Initialize the MARVEL algorithm with the conditional independence test to use.

Parameters:

Name	Type	Description	Default
`ci_test`	`Callable[[int, int, List[int], ndarray], bool]`	A conditional independence test function. It takes the indices of two variables and a list of variable indices as the conditioning set, and returns True if the two variables are independent given the conditioning set, and False otherwise. Signature: ci_test(var1: int, var2: int, cond_set: List[int], data: np.ndarray) -> bool.	required
`find_markov_boundary_matrix_fun`	`Callable[[ndarray], ndarray]`	A function to find the Markov boundary matrix. It takes a numpy array of data, and returns a 2D numpy array. The (i, j)th entry is True if the jth variable is in the Markov boundary of the ith variable, and False otherwise.
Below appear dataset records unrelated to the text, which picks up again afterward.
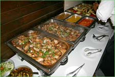 Kombination aus Hirsch (Preiselbeersoße), Entenbrust, Putenbrust, Hähnchenkeule, Rinderhackröllchen, Lachs, Garnelen, Lamm und Rind (Roastbeef) inkl. Salat = 28,00 Euro pro Person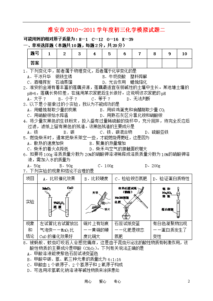 试题-江苏-2011_江苏省淮安市2010~2011学年度中考化学模拟试题 上教版
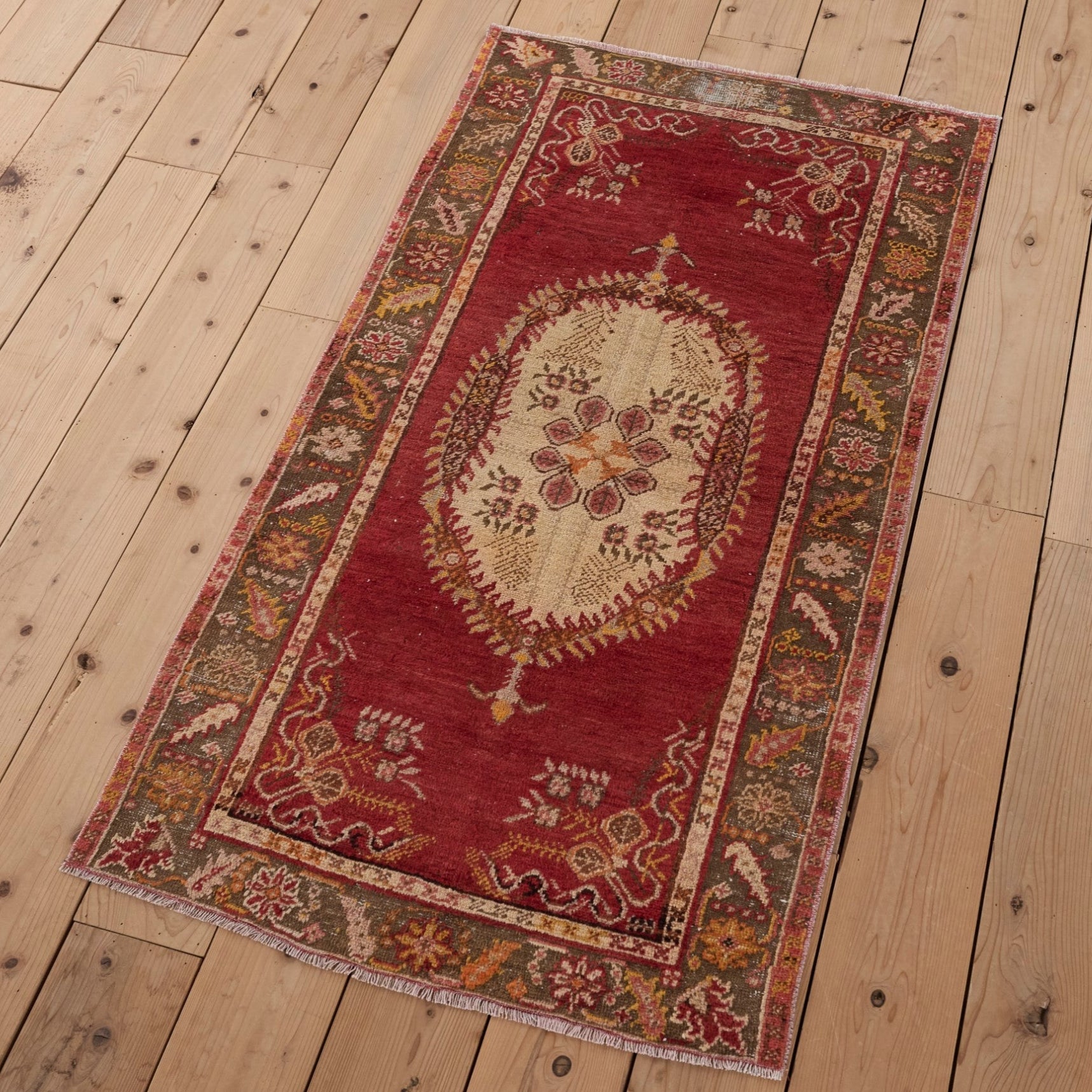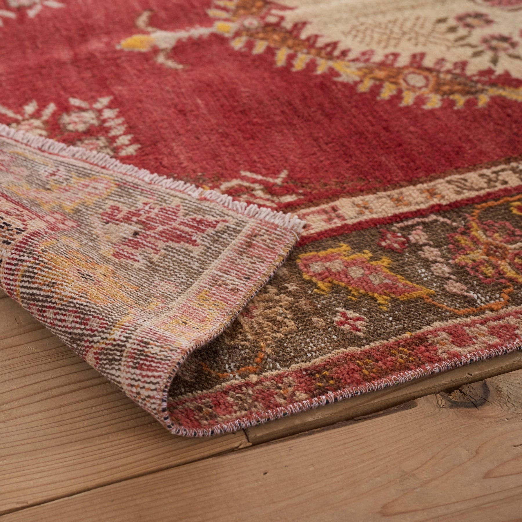 中央の楕円形メダリオンやボーダー部分にあしらわれた花のモチーフは、自然への愛情を象徴しており、深いレッドを基調とした色彩は、当時の職人が込めた想いを映し出すかのよう。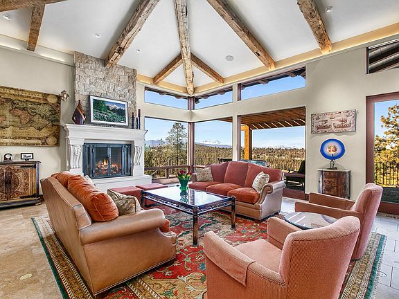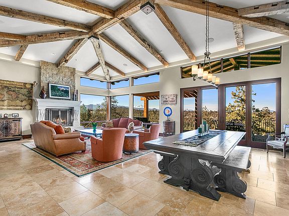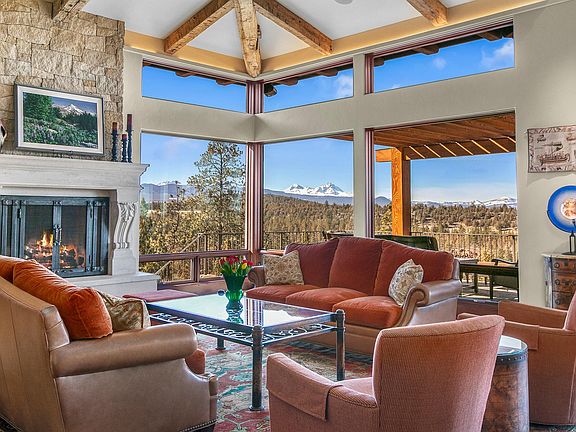 Majestic Cascade Mountain Views & the peaceful sound of the Deschutes River below complement the luxurious interiors of this spectacular residence. Wood & stone accents blend w/ the natural scenery surrounding the 1-acre property, ideally positioned in the exclusive North Rim community. Home embodies rustic elegance, w/ hand-hewn timbers, entry foyer accentuated by stone columns & 17' ceilings leading to 2-story great room w/ vast picture windows & deck overlooking panoramic mountain views.Main level primary suite offers private deck & hot-tub from which to enjoy the mountain views, sunsets & the rising sun. Main level also inc. 2nd primary suite; library overlooking garden courtyard; mtn view chef's kitchen; dining room w/ fireplace; study w/ access to 2nd courtyard w/ fireplace. 2 guest suites, family room w/ kitchenette, mountain view terrace & 2nd laundry up. Lower-level features rec room, workshop & gym w/ access to outdoors & river below. Home also boasts TWO separate garages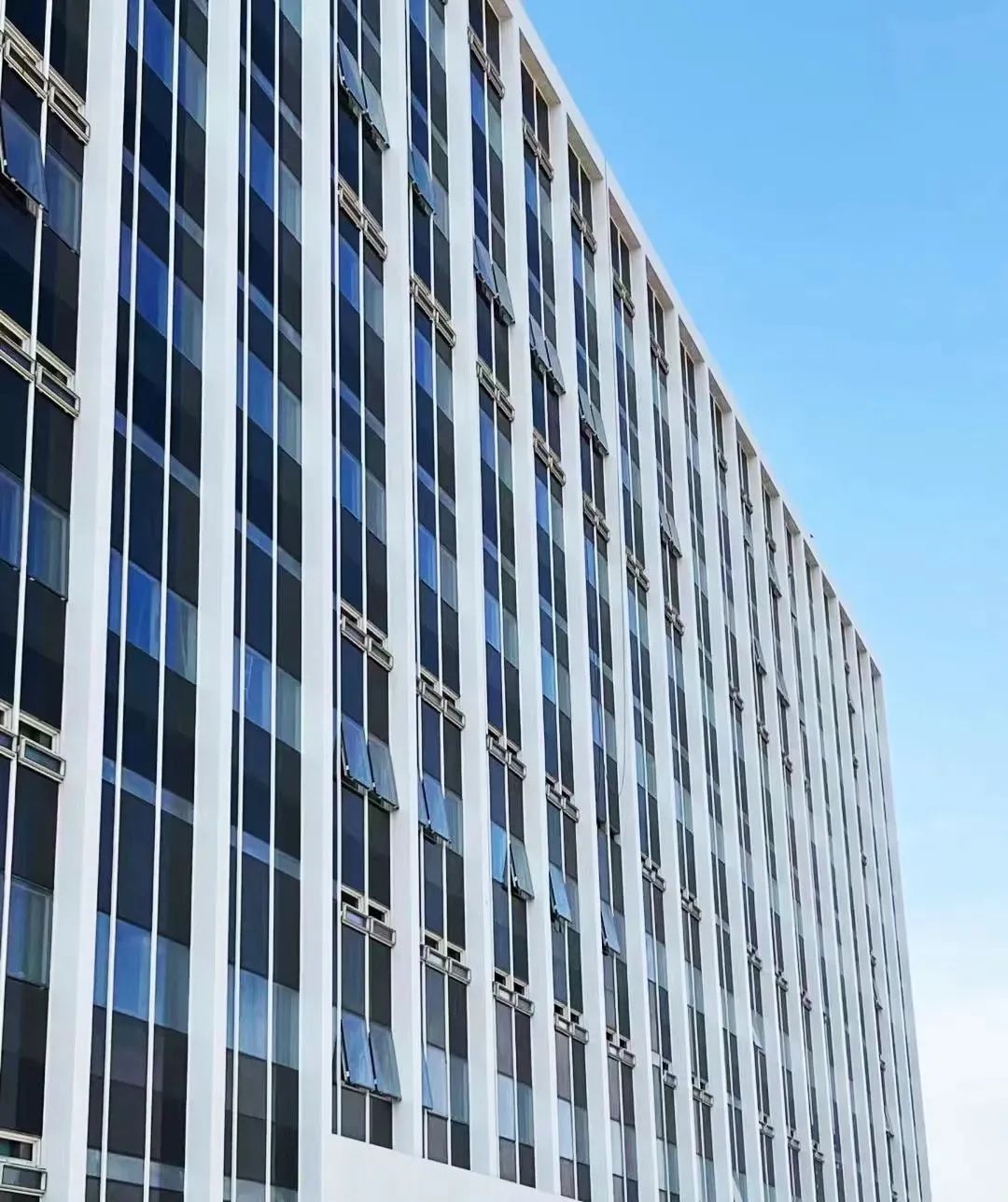 随着鄂州顺丰花湖机场正式投运,综合楼和宿舍楼立面的一期光伏幕墙也对外惊艳亮相。项目分别在综合业务楼和宿舍楼的东、西、南三个立面安装了近6000块不同尺寸、不同透光度的龙焱碲化镉光伏发电玻璃建材。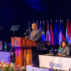 2月20日,在南非约翰内斯堡,南非总统拉马福萨在二十国集团外长会上致辞。

Signature: find_markov_boundary_matrix_fun(data: np.ndarray) -> np.ndarray.	`None`

Source code in rcd/marvel/marvel.py

def __init__(self, ci_test: Callable[[int, int, List[int], np.ndarray], bool],
             find_markov_boundary_matrix_fun: Callable[[np.ndarray], np.ndarray] = None):
    """
    Initialize the MARVEL algorithm with the conditional independence test to use.

    Args:
        ci_test (Callable[[int, int, List[int], np.ndarray], bool]):
            A conditional independence test function. It takes the indices of two variables
            and a list of variable indices as the conditioning set, and returns True if the two
            variables are independent given the conditioning set, and False otherwise.
            Signature:
                ci_test(var1: int, var2: int, cond_set: List[int], data: np.ndarray) -> bool.
        find_markov_boundary_matrix_fun (Callable[[np.ndarray], np.ndarray], optional):
            A function to find the Markov boundary matrix. It takes a numpy array of data,
            and returns a 2D numpy array. The (i, j)th entry is True if the jth variable is in the
            Markov boundary of the ith variable, and False otherwise.
            Signature:
                find_markov_boundary_matrix_fun(data: np.ndarray) -> np.ndarray.
    """
    if find_markov_boundary_matrix_fun is None:
        self.find_markov_boundary_matrix = lambda data: compute_mb_gaussian(data)
    else:
        self.find_markov_boundary_matrix = find_markov_boundary_matrix_fun

    self.num_vars = None
    self.data = None
    self.ci_test = ci_test

    # we use a flag array to keep track of which variables need to be checked for removal (i.e., we check if False)
    self.skip_rem_check_vec = None  # SkipCheck_VEC in the paper

    # we use a flag array to keep track of which variables' neighbors need to be learned (i.e., we learn if False)
    self.neighbor_learned_arr = None

    self.skip_check_cond1_set = None
    self.skip_check_cond2_set = None

    # we use a dictionary that maps x to a dictionary that maps y to a set of variables v, such that x->v<-y is a v-structure
    self.v_structure_dict: Dict[int, Dict[int, Set[int]]] = None

    # we use a flag array to keep track of which variables' v-structures need to be learned (i.e., we learn if True)
    self.v_structure_learned_arr = None

    self.var_idx_set = None
    self.markov_boundary_matrix = None
    self.learned_skeleton: nx.Graph | None = None

`find_neighborhood(var_idx)`

Find the neighborhood of a variable using Lemma 27.

Parameters:

Name	Type	Description	Default
`var_idx`	`int`	The variable whose neighborhood we want to find.	required

Returns:

Name	Type	Description
`tuple`		np.ndarray: 1D numpy array containing the variables in the neighborhood. np.ndarray: 1D numpy array containing the co-parents of the variable. Dict[int, Set[int]]: A dictionary mapping co-parent indices to their separating sets.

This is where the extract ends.